The issue I believe will be solved by not having Too-specific aspects. As noted in http://www.rickneal.ca/?p=619

The original aspect might have had a base on a previous story. But a good aspect will have people tagging it even if they didn't have any means to be a part of that specific encounter. Like how Harry, having an aspect of "Chivalrous to a fault" or something similar. Would then be compelled to accept the help of people he otherwise would have very good reason not to.

So Mary and Joan might have had an aspect associated with each other. But that doesn't mean that Bob can't have done things similar that taps into an experience or whatever that aspect might have represented.

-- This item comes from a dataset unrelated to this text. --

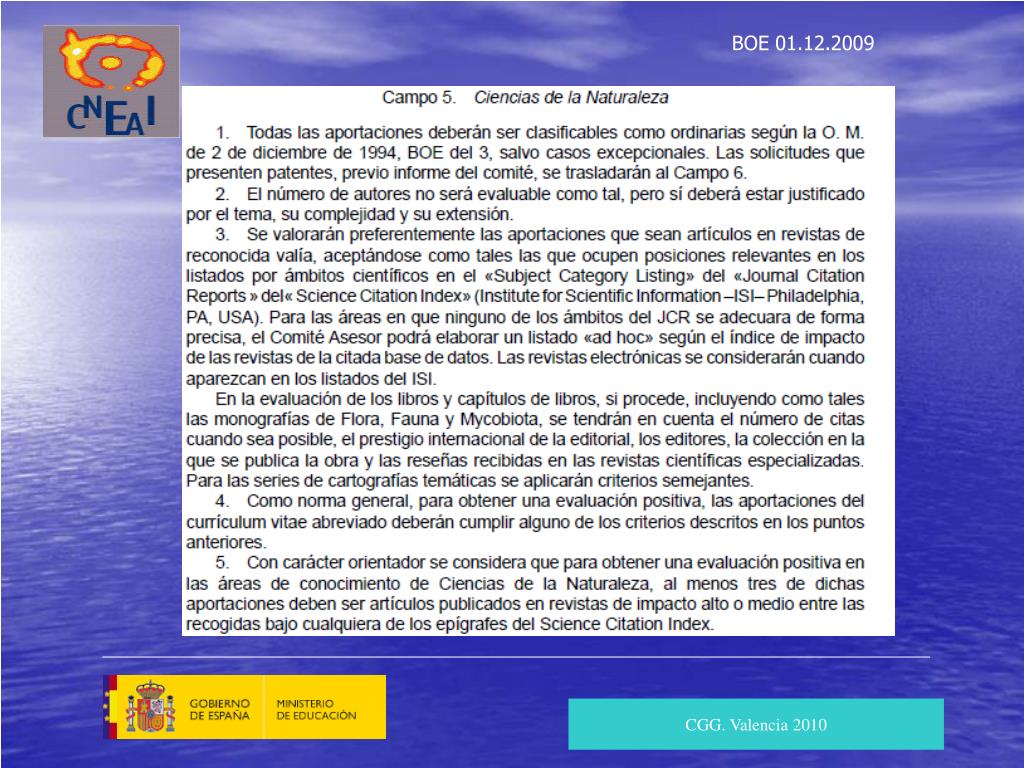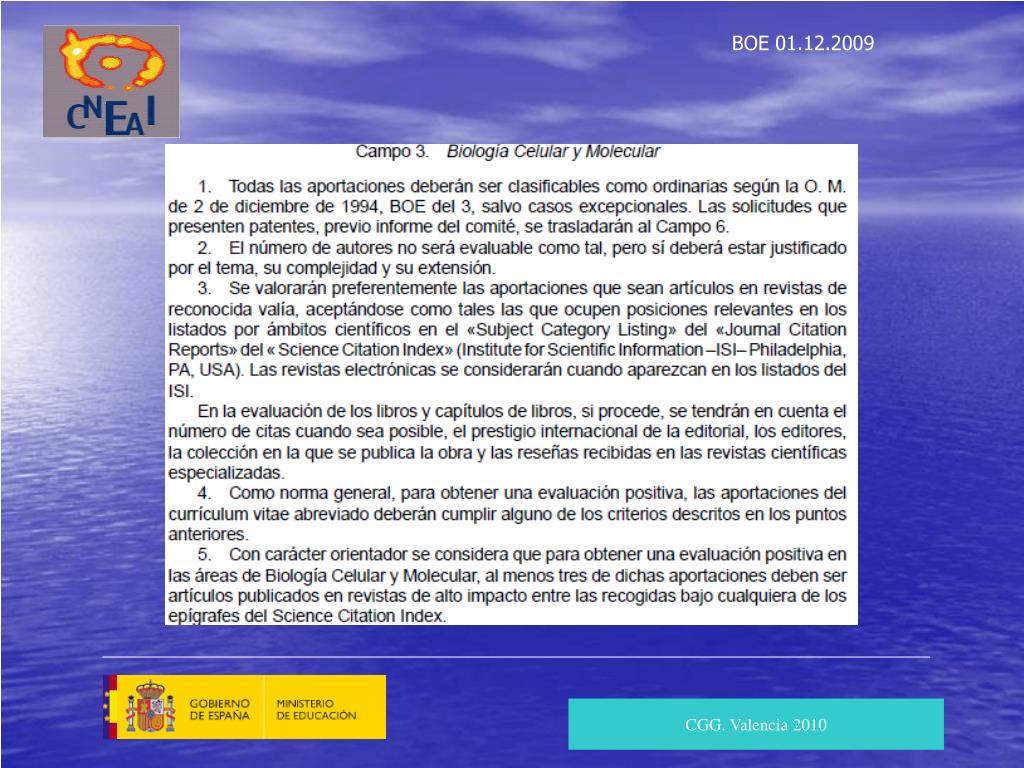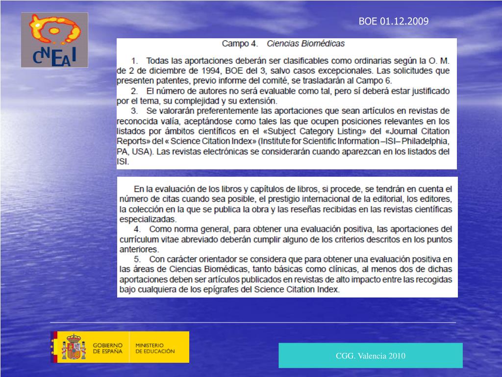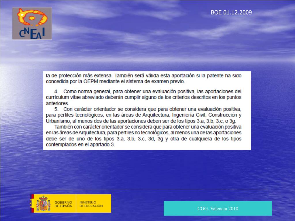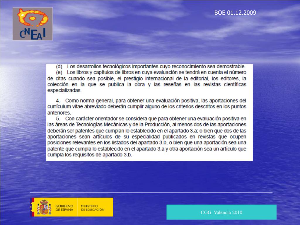Novedades de los últimos años • Los criterios de evaluación de cada Comité se publican de modo pormenorizado, comité por comité. • Cada profesor puede elegir ser evaluado por el Comité que le parezca mas adecuado según sus líneas de investigación. • Se ha dado información precisa sobre las razones de desestimación de los sexenios (aportación por aportación). • Todas las solicitudes se hacen por vía telemática (2007). CGG. Valencia 2010

As for introductions into the story. If you are assumed to already know each other. Then it wouldn't be too hard to say "I was at this one party you attended but you didn't notice me at the time while you were investigating this other thing" which may or may not cause another aspect if the situation didn't tie in AT ALL with any previous aspects on the current characters. But obviously the new character would have aspects showing a bit of his relation to the other heroes already in play.


The best thing to do is write multi-faceted aspects as much as possible, so that they withstand the rigors of a shifting storyscape, including a jittery cast.

In other words, make sure your aspects aren't too focused. Make them implicit if needed. If Bob has Suspicious of Joan as an aspect, redefine it as Suspicious of blondes with a southern accent (implicitly referring to Joan's aspects). That works with Joan and other characters that somehow fit that profile, so that you still have a useful aspect in your game.


The false premise: A crucial part of most FATE play is having aspects that relate to the other PCs at the table.

There is no real need for aspects to relate to other PCs in general, nor to any specific PCs at all.

The real requirements

Aspects need to meet several requirements:

  1. Useable by the Owning Player of that Character
  2. Useable by other characters' player(s) (noting that the GM is the player for NPC's)
  3. Of suitable width: Neither too broad nor too narrow
  4. intelligible: if others can't understand it, it's a problem

Aspects and Other PC's

Aspects that relate to other PCs can easily be of use in play. Aspects that have positive relationships with other PC's can be invoked for bonuses, or compelled to drive protective behavior. Aspects with negative relationships can be invoked in competition with the other PC, or compelled to force them to side against that PC's actions. Either way, they create drama.

I'm going to use the characters in Police Academy for examples.

Such relationship aspects can often be genericized. Instead of "Trusts Sgt. Callahan," make it "Trusts the lead officer on the case." Instead of "Distrusts Mister Zed," "Distrusts people who use only their last name," or "Distrusts people with speech issues."

And, instead of "Makes fun of Lieutenant Harris," give Mahoney "Makes fun of pompous people in charge." (This also makes his reaction to Lt. Mauser in PA 2 not require rewriting.)


I think you're somewhat misunderstanding the guest star aspects. If you read through the examples on Harry's character sheet, the aspect that he gets from his story with Murphy isn't directly tied to her. Instead, the story is crafted to include Murphy and to highlight a different aspect of Harry's character.

Your gues star aspects don't have to be tied to the guest star, they just get a hand in helping to shape the character.

Note: I wrote this in the perspective of playing The Dresden Files, where in character building you have two guest stars that help with your aspects.